Runbook: CA key ceremony (m-of-n)
Generating or rotating a Certificate Authority key is the most consequential operation in trstctl: whoever controls a CA key can mint trust. trstctl gates CA-key operations behind an m-of-n key ceremony — the key is created only after a configured number of distinct custodians approve — so no single operator can unilaterally stand up or rotate a CA.
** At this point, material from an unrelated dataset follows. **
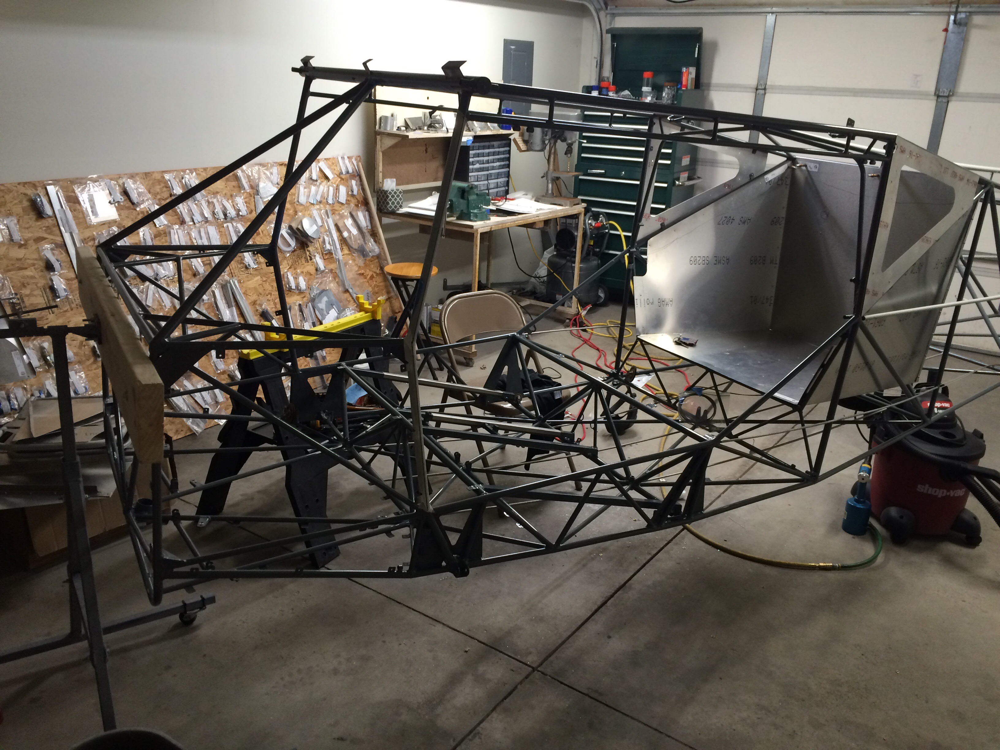 One highlight of putting the fuselage on rolling stands was moving it out into the parking lot to sweep the garage out. I missed getting a picture, but it was funny to just see a plane sitting in a condominium parking lot.

Maturity note. The m-of-n ceremony is implemented and tested as library code (
internal/ca/hierarchy); it is driven today through the Go API, not yet a served REST/UI flow. The assembled issuing CA's key is now persisted, sealed at rest (R3.2): the signer reloads it after a restart, so the CA is not silently rotated (see Configuration → Signer and disaster recovery). HSM/KMS-backed custody (vs. the local sealed key file) and a served, m-of-n break-glass flow remain future work (see Current limitations and the incident-response runbook). This runbook documents the real mechanism and the operating procedure around it.
The model
A ceremony has a purpose (what key it authorizes — a root, an intermediate, or
a rotation) and a threshold m: the number of distinct custodian approvals
required. Custodians approve independently; the CA-key operation is refused until
quorum is reached (ErrQuorumNotMet), and refused again for any operation whose
ceremony has not reached its threshold.
The mechanism, in the hierarchy manager:
StartCeremony(tenant, purpose, threshold)opens an m-of-n ceremony and returns its id.Approve(tenant, ceremonyID, custodian)records one custodian's approval and returns the running approval count. Approvals are de-duplicated per custodian.CreateRoot/CreateIntermediate/Rotate/CrossSignare gated on quorum: each takes aceremonyIDand calls the internalrequireQuorumcheck first, returningErrQuorumNotMet (k of m approvals)until m distinct custodians have approved. On success the ceremony is marked complete and cannot be reused. Cross-signing is gated because it, too, extends trust (it mints a CA certificate under your signing CA).
The ceremony and its approvals are tenant-scoped rows under row-level security
(AN-1): ca_key_ceremonies (with the threshold) and ca_ceremony_approvals.
Procedure: standing up a new CA
- Convene the custodians. Choose n trusted custodians and a threshold m (e.g. 3-of-5). More than half is the usual floor; pick m so that losing a custodian does not block operations but a single compromised custodian cannot reach quorum alone.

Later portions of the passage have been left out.